Thanks all for the replies so far. As I suspected, this is a great group for adding insight and knowledge. Already been out to the Machinerymax.com site, and 'watching' several auctions. Boy, they have some big powerful tools out there.


----------



## comboprof (Aug 26, 2013)

Check Craig list too.


----------



## MT_Stringer (Jul 21, 2009)

I retired a few years ago. When I was buying tools, I decided to go Grizzly for the table saw, band saw and drum sander. Planer is dewalt, and I have a used Jet 6 inch joiner.

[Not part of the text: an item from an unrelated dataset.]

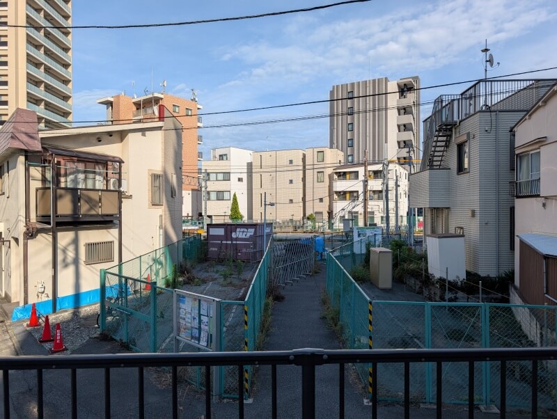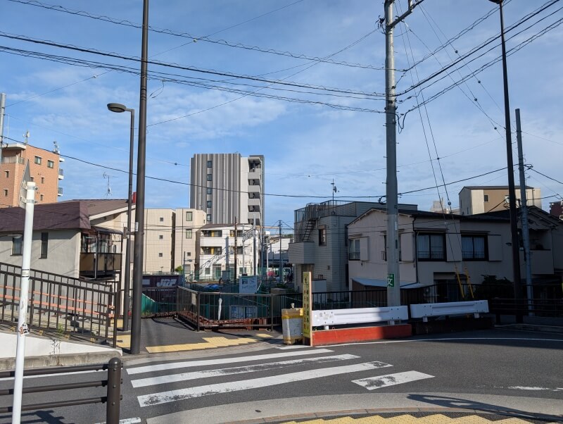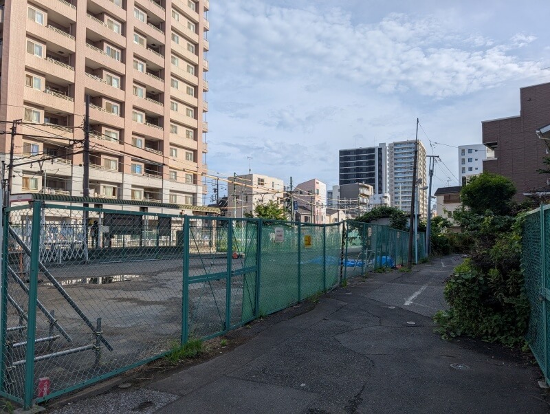 日出通り越しに、東池袋四丁目駅側を見た様子です。東池袋四丁目駅付近の都市計画道路予定地の確保も、前回来た時より進んでいる感じでした。

I have been happy with them.
Good luck shopping.


----------



## knotscott (Feb 27, 2009)

No one brand offers the best of every tool. Look past the name and evaluate the tool for what it is. For the primary stationary tools, I'd choose whichever was the best example of that tool type that suits my needs that I could afford. Let the brands earn your business in each case.


----------



## diverlloyd (Apr 25, 2013)

Craigslist usually has full shops for sale. Also if you are buying all at once I wouldnt buy unless I was getting a good package discount. Haggle haggle and haggle some more. Also as sad as it might be most of my local school shop classes are being cut and auctioning off the tools and machinery. It's a sad time in America when that happens.


----------



## dahenley (Sep 1, 2012)

what part of E. Texas? I'm originally from Kilgore and still frequent there to see my family. 
and for those of you who keep saying check craigslist…… theres not a lot of free floating stuff on there in this neck of the woods… not like some of the deals you see posted on here… but you should still keep an eye out for stuff.

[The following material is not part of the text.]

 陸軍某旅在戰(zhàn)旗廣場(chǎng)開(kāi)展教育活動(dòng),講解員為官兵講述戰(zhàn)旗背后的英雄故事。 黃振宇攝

Congrats and good luck with the new shop!!!


----------



## BikerDad (Jul 16, 2008)

Go best or at least darn good, not brand. For any given tool, there's two or three companies that make really good examples, but there is no company where everything they make is one of those two or three top tools, except for the real specialty companies that only make lathes, or only make scrollsaws, etc. Not even Festool.


----------



## RichardHillius (Oct 19, 2013)

The only advantage of a single brand is they look pretty in pictures and possibly makes getting spare parts a little easier. The tools really don't interact with each other so you will never have a issue dealing with a board you jointed on a Powermatic, Planned on a Grizzly and cut to size on a Saw Shop like you might with some other things like computer parts.

It's personal preference of course and there is nothing wrong with going all one brand but I wouldn't necessarily exclude a tools because it's your house brand either unless you really want to be loyal to one brand and even than ask yourself how important that really is in this day and age?


----------



## Rick Dennington (Aug 27, 2009)

Nice score on the new retirement home and workshop….Once you get your tools bought, you're well on your way to making dust and chips…..Away from that, I was looking at your avatar, and the boat behind your tow vechile…..Is that Skeeter or Triton, or…? I fish bass tournaments, mainly money tournaments, and I run a Ranger…..I live on Bull Shoals Lake (well almost), and 5-10 minutes from the ramps….It's up here in the Ozark Mts…..Was just curious as to what rig you run….Good luck on getting the shop originazed and up and running…


----------



## CharlesA (Jun 24, 2013)

I've done well with CL, but I live in a metro region. You can use http://www.searchtempest.com/ to search CL and eBay within a geographical region (little as 25 miles-as far out as you can go). That can be helpful.


----------